In case you didn't know, Louis Vuitton artistic director for women's collections Nicolas Ghesquière and former Vogue creative director Grace Coddington are best friends. Seriously — they're besties. CBS Sunday Morning correspondent Alina Cho started her The Atelier with Alina Cho talk off with this point on Monday evening when she interviewed the two industry vets in front of a live audience at the Metropolitan Museum of Art.
"You guys are best friends outside of fashion, too," she insisted. (Hint: They are!) But after retelling their meet-cute — on a Vogue shoot, naturally — the two had a lot more to reflect on. Most recently, the pals collaborated on a cat-themed capsule collection for Louis Vuitton which debuted at Ghesquière's spring 2019 show for the French fashion house. As part of her freelance career, Coddington started Face To Grace, a web series where she interviews her closest friends, like Ghesquière himself, Sofia Coppola, and yes, Anna Wintour. Also of note from the chat was Ghesquière's mention of potentially starting his own namesake label — but the French designer isn't saying anything beyond that (for now).
"She said, 'The dress is a bit too big for her. Could you clamp the back so that it's slim?'," Coddington recalled of Annie Leibovitz and her Alice and Wonderland-themed shoot in Vogue. "I had to fight her on that one. She kept pinning it and then I would run in and unpin it," she said. "That was the whole point of the dress," Ghesquière chimed in (he served as the brand's creative director for 15 years, from 1997 to 2012).
She continued: "It was important that it stuck out in the back, à la Balenciaga. That's a Balenciaga thing. And I kept arguing with [Leibovitz] saying, 'You don't understand about Balenciaga! This is what Balenciaga does and it's what Nicolas has taken from the archives. It's a very modern dress and I absolutely love it. But she kept saying it was big and baggy." That moment, and so many others like it, are why Grace is, well, Grace. She solidified her presence in fashion at a time when clothes weren't so ephemeral, before the knockoff and influencer booms. She's respectful of what designers do and she adheres to their vision as tightly to her own.
Later on in the talk, Cho pressed Ghesquière for his thoughts on Hedi Slimane's contentious Celine debut: "I obviously support the position of an artistic director in a house. And I think that what is the most important is to have a style and a point of view, and I think that's the case of Hedi at Celine," he said. "So, of course — it's the most important thing, to have tradition and something that is very recognizable. I absolutely support that position." Asked whether he was surprised by Slimane's act, Ghesquière replied confidently: "No, I was not."

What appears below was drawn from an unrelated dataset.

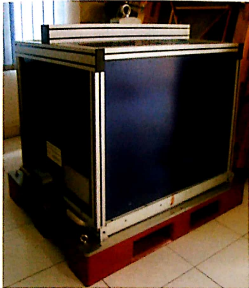
Gambar 3-2: Kontainer Satelit

yang diperlukan untuk membawa satelit dengan pesawat udara diperlukan alat bantu yaitu kontainer untuk pengiriman satelit. Kontainer dirancang sedemikian rupa agar satelit tidak rusak selama perjalanan.

And then there was the story about why Coddington showed up in Michael Kors pajamas to the 2015 Met Gala. She actually skipped the dinner portion of the night for a pretty normal reason: She had to get to the airport. "All of Vogue staffers wore the [floral] pajamas, so I thought, 'Well, these are really cool pajamas. But I had a shoot that next day in the South of France so I said to Anna, 'I'm sorry, I don't think I'm gonna make the party this year because I have to go to the airport.' And she was like, 'Well, just come to the drinks!' And I said that I didn't have anything to wear. And she said, 'Just get them to run you up a pair of pajamas!' And they did." She wore it to the Met Gala, the airport, and to bed that night.
As for their legacies, Ghesquière is out to "create desire" and to continue empowering women. For Coddington, as one could expect, it's a little more personal: "I hope my legacy is having a lot of happiness. And being able to love and enjoy fashion and photography. To me, photography and fashion are kind of the same thing; one relates to the other. I hope it reads in my pictures, so I hope people will remember me for stories and some kind of magic like that that happens between photographers, editors, models, hair people, makeup people — the whole team that build these images."